There is more than one method of paying off debt, and the right one is the one that’s right for you.
- If you have multiple credit card debts, it can be difficult to decide which one to pay off first.
- Depending on your needs, you can pay off the card with the most debt or the highest rate first.
- Debt consolidation is another option, and it could lower your interest rate.
If you want to pay off your credit card debt quickly, you’ll need to make additional payments to reduce your balance as soon as possible. You’ll need to pay the minimum on all your cards to avoid penalties, late fees, and damaged credit. But after making those minimum payments, you’ll need to decide which specific card to make additional payments on first.
How can you make this choice? There are several strategies to consider, including the following options for which cards to prioritize.
You could pay the card with the lowest balance first
One option recommended by some financial experts, including Dave Ramsey, is to focus on paying off the debt with the lowest balance first. Suppose you have two credit cards, one with a balance of $500 and the other with a balance of $5,000. In this case, you will try to pay off the card you first owe $500.
The advantage of this approach is that you will pay off each of your cards as quickly as possible. After all, it would take you much less time to pay off $500 by making additional monthly payments on this card than to pay off $5,000. The idea is that once you’ve fully paid off a debt, you’ll be excited about your progress and motivated to keep going.
The problem is that the card with the lowest balance is not necessarily the one with the highest interest rate. And if you keep high-interest debt longer than necessary because you’re paying off other cards first, it’s going to cost you money in the end.
Still, this approach can work well if you’re worried about not sticking to your repayment plan.
You might prioritize cards with high interest rates
Another approach is to pay off the cards in order of interest rate. If you choose this option, you’ll spend every extra dollar you can on the card with the highest finance charge.
This will save you a lot more money over time than focusing on paying off small balances first, especially if there’s a lot of variability in your credit card interest rates. The downside, however, is that it could take you a long time to clear every debt, especially if you have a high balance on a card with a very high rate.
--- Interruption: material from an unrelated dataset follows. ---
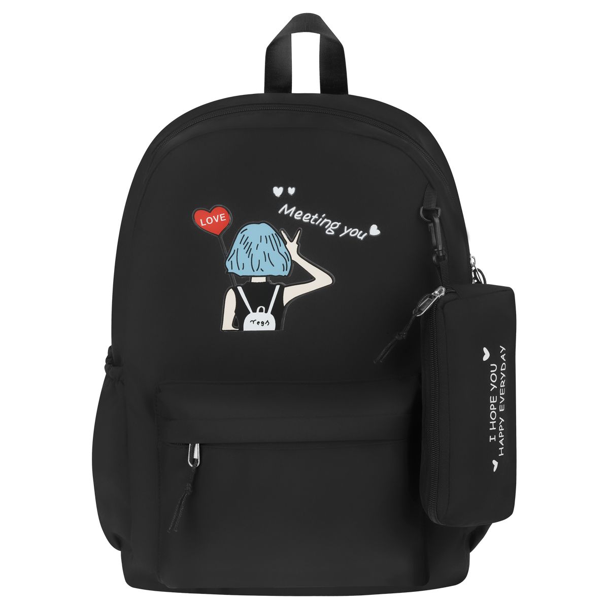 Рюкзак MESHU "Heart", 43*30*13см, 1 отделение, 3 кармана, уплотненная спинка, в комплекте пенал 19,5*9,5*2см

If your top priority is to pay as little interest as possible over time, this approach is the right one for you. Just make sure you have faith in your motives and are committed to sticking to your debt repayment plan, even if you don’t see immediate wins.
Debt consolidation is also an option
Finally, you have the option of consolidating your credit card debt so that you don’t have to choose a repayment method. And that might be the best approach of all.
If you can pay off most or all of your credit card debt with a personal loan at a lower interest rate than you’re currently paying, you won’t have to choose which debts to focus on. You can simply work on paying off your loan, which should have fixed monthly payments, a set repayment term, and lower finance charges.
Consider each of these options to decide which is best for you, given your eligibility for a personal loan and your motivation to pay off your debt. You can’t go wrong with any option as long as the one you choose works for you to help free you from credit card debt for good.